Vaccine stabilization: Research, commercialization, and potential impact

All vaccines are susceptible to damage by elevated temperatures and many are also damaged by freezing. The distribution, storage, and use of vaccines therefore present challenges that could be reduced by enhanced thermostability, with resulting improvements in vaccine effectiveness. Formulation and processing technologies exist that can improve the stability of vaccines at temperature extremes, however, customization is required for individual vaccines and results are variable. Considerations affecting decisions about stabilization approaches include development cost, manufacturing cost, and the ease of use of the final product. Public sector agencies can incentivize vaccine developers to prioritize stabilization efforts through advocacy and by implementing policies that increase demand for thermostable vaccines.
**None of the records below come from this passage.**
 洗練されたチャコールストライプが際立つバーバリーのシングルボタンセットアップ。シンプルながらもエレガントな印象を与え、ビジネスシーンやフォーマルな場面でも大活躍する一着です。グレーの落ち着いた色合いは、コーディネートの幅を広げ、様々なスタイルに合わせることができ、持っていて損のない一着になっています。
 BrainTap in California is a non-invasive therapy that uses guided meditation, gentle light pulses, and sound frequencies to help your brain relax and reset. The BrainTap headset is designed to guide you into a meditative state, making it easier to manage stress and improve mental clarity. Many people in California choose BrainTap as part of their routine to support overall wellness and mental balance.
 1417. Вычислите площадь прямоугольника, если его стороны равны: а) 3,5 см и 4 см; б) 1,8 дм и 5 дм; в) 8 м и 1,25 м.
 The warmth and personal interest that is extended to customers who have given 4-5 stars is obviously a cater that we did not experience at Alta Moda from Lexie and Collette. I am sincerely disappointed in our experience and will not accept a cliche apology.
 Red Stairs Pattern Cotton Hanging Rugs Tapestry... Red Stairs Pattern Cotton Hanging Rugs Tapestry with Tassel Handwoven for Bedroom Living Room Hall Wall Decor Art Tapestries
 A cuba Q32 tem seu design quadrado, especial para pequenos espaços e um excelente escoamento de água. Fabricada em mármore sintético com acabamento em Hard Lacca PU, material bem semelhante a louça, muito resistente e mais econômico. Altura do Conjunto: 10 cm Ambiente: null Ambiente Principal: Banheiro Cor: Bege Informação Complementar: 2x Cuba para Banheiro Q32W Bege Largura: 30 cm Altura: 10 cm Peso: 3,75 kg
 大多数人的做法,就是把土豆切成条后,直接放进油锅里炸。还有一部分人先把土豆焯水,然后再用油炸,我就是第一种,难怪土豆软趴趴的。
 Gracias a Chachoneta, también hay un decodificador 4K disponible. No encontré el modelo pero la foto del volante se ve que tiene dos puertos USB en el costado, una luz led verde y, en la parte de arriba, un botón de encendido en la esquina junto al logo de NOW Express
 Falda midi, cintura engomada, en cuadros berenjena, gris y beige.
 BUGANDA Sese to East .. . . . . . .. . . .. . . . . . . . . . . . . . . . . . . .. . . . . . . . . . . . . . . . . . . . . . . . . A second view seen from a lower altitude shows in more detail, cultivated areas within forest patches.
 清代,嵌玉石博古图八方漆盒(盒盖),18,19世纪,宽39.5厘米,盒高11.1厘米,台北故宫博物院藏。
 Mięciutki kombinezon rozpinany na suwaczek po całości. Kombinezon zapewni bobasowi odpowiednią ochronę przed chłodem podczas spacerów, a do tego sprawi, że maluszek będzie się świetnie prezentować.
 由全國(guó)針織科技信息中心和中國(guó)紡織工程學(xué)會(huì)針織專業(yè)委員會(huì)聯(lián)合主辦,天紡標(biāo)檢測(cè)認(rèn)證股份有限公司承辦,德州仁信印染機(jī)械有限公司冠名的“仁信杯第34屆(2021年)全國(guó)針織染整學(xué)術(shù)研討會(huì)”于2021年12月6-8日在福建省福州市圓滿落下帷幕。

Characterization of the freeze sensitivity of a hepatitis B vaccine

Recent studies have revealed that vaccines containing aluminum adjuvant are exposed to sub-zero temperatures while in the cold chain more frequently than was previously believed. This raises concerns that these freeze-sensitive vaccines may be damaged and offer inadequate protection. This study was undertaken to characterize the immediate qualitative changes of one such vaccine, hepatitis B, caused by freeze exposure. Hepatitis B vaccine was subjected to freezing temperatures ranging from 0°C to -20°C for up to three episodes with durations ranging from 1 hour to 7 days. The vaccine was analyzed for freezing point, particle size distribution, tertiary structure, and in vitro and in vivo potency. Whether or not hepatitis B vaccine freezes was shown to be dependent on an array of factors including temperature, rate of temperature change, duration of exposure, supercooling effects, and vibration. Vaccine exposed to “mild” freezing (-4°C or warmer) temperatures did not freeze and remained qualitatively unaltered. Single or repeated freezing events at temperatures of -10°C or lower were associated with aggregation of the adjuvant-antigen particles, structural damage of the antigen, and reduction of immunogenicity in mice. Damage to the vaccine increased with duration of freezing, lower temperature, and the number of freezing episodes. With vibration, vaccine froze at -6°C after 1 hour and damage occurred. Freezing and freeze damage to vaccines containing aluminum adjuvant represents a real risk to effectiveness of immunizations and should be prevented by strengthening the cold chain system or, alternatively, development of freeze-stable vaccine formulations.